Human activities have caused one of the world’s most endangered species of large whales to shrink by an average of three feet over the past 20 years — further threatening its survival, according to a new study.
Published in Current Biology, the study found that the North Atlantic right whale is experiencing long-term inter-generational damage that is manifesting as stunted growth. This is the result of being snared in fishing nets and lines set by humans to capture other species.
“If you are dragging around fishing gear you have less energy for growth, it’s a pretty clear mechanism… If I strapped a sandbag onto you and asked you to walk around a lot, you’d get skinny pretty quickly,” Joshua Stewart, a marine researcher at the National Oceanic and Atmospheric Administration in the U.S., who was involved in the study, told The Guardian, explaining how human activity impacts marine life. He adds that he saw “pictures of 10-year-old whales that are the size of two-year-old whales, which was shocking. These are really short, stunted whales.”
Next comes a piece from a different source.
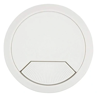 ManoManoGeneral description Two-part ABS plastic inserts designed for the neat organization of computer, telephone, and audio cables through desktops, cabinets, and shelving units. The inserts come in light grey and feature a spring-loaded swivel cover plate for easy access. Technical specifications Material: ABS plastic Insert sizes: 60mm and 80mm Includes: 1 x Circular insert Usage Ideal for tidying up cables in office desks, cabinets, and shelving units. Cover plates can be removed to allow plugs to pass through, facilitating easy connectivity.

At present, there are about 366 North Atlantic right whales left in the world — down from 500 in 2010. Researchers are worried that the arrested growth of the whales may threaten their survival by impacting their ability to reproduce successfully — often by preventing the females of the species from getting pregnant at all due to their reduced body masses. “Over 83% now of the species has been entangled at least once in their lifetime, some as many as eight times. If it doesn’t kill them, it’s certainly going to affect their ability to reproduce,” Amy Knowlton, a senior scientist at the New England Aquarium in the U.S., who co-authored the study, said in a statement.
Related on The Swaddle:
Fishing Vessels Are Using Banned Nets in the Indian Ocean, a Greenpeace Investigation Finds
But their reproductive challenges don’t end there — even if the whales do succeed in producing offsprings, their calves are smaller and weaker, and have a lesser chance of survival. “When you’re giving birth, if you’re smaller and skinnier, then your calf is also likely to be smaller and skinnier… as a calf, you’re needing to grow really quickly in those early years, so you could have a lower chance of survival if you’re smaller,” Joshua Stewart explained.
This trend is especially alarming in the context of extinction already threatening whales. An open letter by more than 350 scientists from 40 countries notes this extinction can possibly happen “within our lifetimes.”
Nets and fishing equipment, which are believed to be responsible for the stunted growth of whales, were already considered the biggest threat to aquatic mammals since they kill roughly 300,000 whales, dolphins, and porpoises every year by “accidentally” capturing them.
“This isn’t about ‘short’ right whales, it’s about a physical manifestation of a physiological problem, it’s the chest pain before the heart attack,” Regina Asmutis-Silvia, executive director of the Whale and Dolphin Conservation North America, who wasn’t part of the study, told the press. The “heart attack,” here, refers to the potential extinction of the species due to human activities.
“Ignoring it only leads to an inevitable tragedy, while recognizing and treating it can literally save a life, or in this case, an entire species,” she warned.